Every bill creates winners and losers. Here's who stands to gain and who bears the cost.

Who Benefits

  • Municipal and regional water utilities in drought-prone or rapidly growing areas will gain access to grant funding for resilience projects.
  • State and regional water planning agencies benefit from a more defined grant framework and clearer project pipelines.
  • Public water systems that rely on alternative sources can pursue planned improvements with public engagement already built into the process.
  • Communities identified as having critical water supply needs will have a formal pathway to address those needs.

Who Bears the Cost

  • Local governments and public water systems incur planning, implementation, and reporting costs associated with grant-funded projects.
  • Entities administering public engagement processes and planning activities may face upfront costs to meet new requirements.
  • Federal and state agencies bear administrative and oversight costs to manage grant distribution, monitoring, and annual reporting.
  • Small or rural utilities with limited administrative capacity may experience disproportionate burdens in applying for and managing grants.

Key Issues

The Core Tension

The central dilemma is whether expanding grant-based funding will reliably deliver targeted resilience outcomes without imposing excessive administrative burdens on communities with varying planning capabilities, all while maintaining consistent federal support through a longer financing horizon.

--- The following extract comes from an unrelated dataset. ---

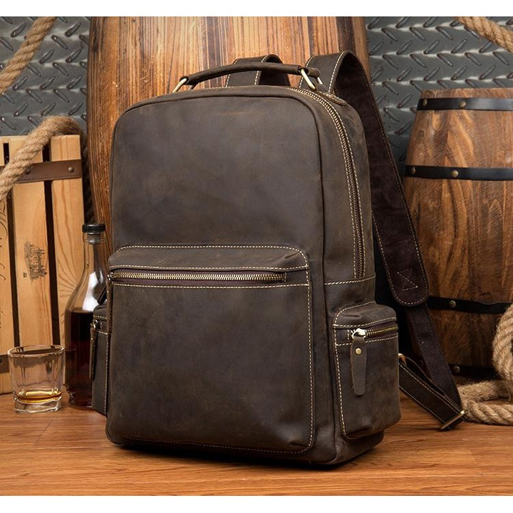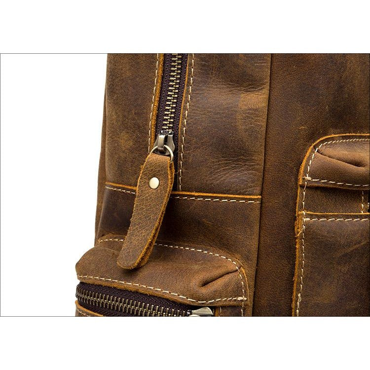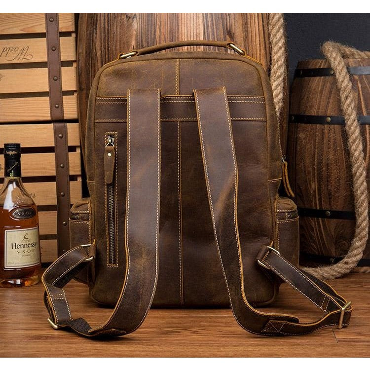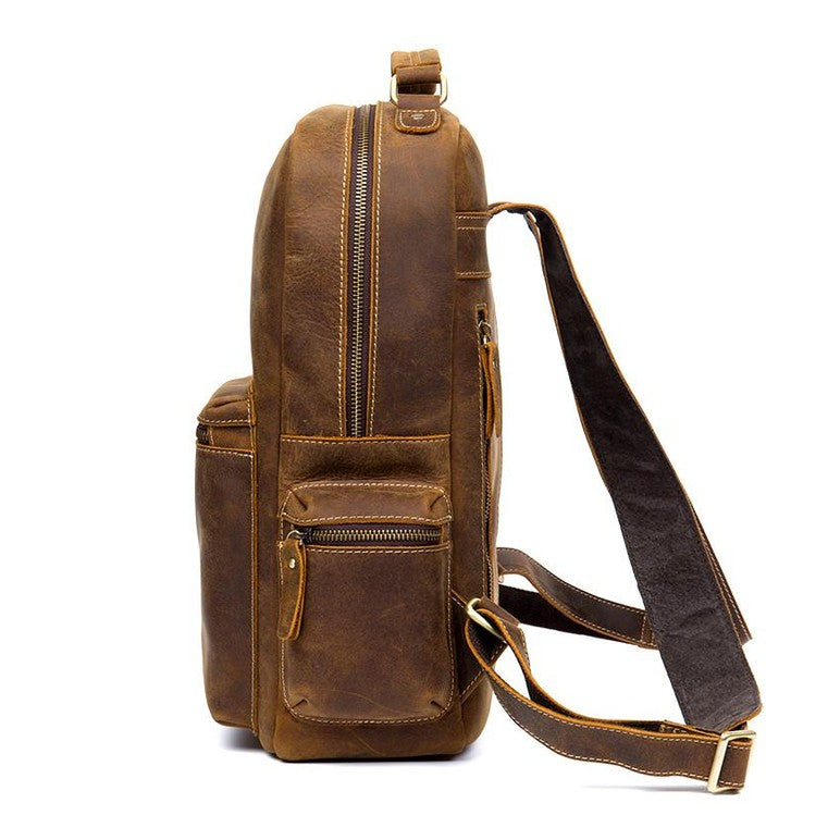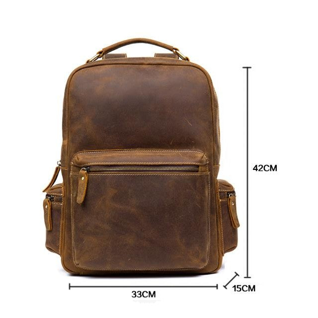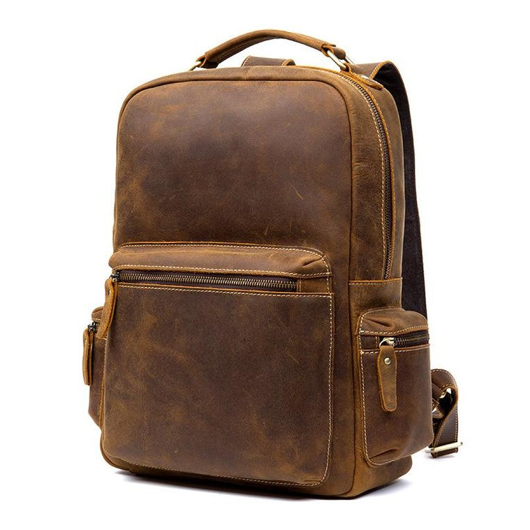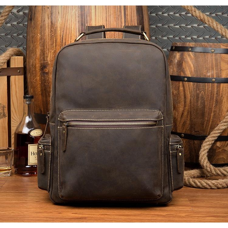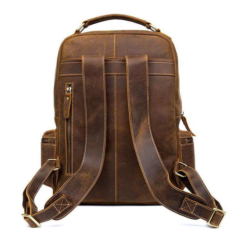 Handcrafted to suit your daily needs, The Langley Backpack is a multifunctional, leather travel backpack made from high-quality crazy horse leather. Functionality and durability are paired with elegance and comfort, as this backpack provides a complete service for school, work or outdoor trips. Featuring one large compartment, three exterior pockets and interior slip pocket, there is ample space for storing all manner of items. The design is made with back support in mind, as it distributes the weight evenly across the body of the bag, providing comfort in transport and security for items. With leather of a rusted deep chocolate brown, the colours will only develop with the general wear and tear of daily use.

The bill’s pivot from a pilot program to a grants-based approach expands the pool of potential recipients and aims to better align funded projects with clearly defined community needs. However, this shift increases the importance of upfront planning quality, robust public engagement, and ongoing reporting.

While longer grant horizons can improve project continuity, they also rely on sustained funding availability and steady program administration. The added reporting requirement improves transparency but creates additional administrative duties for agencies and recipients.

The interplay between local planning maturity, grant accessibility, and federal oversight will determine how effectively this framework translates into drought resilience and reliable water supplies.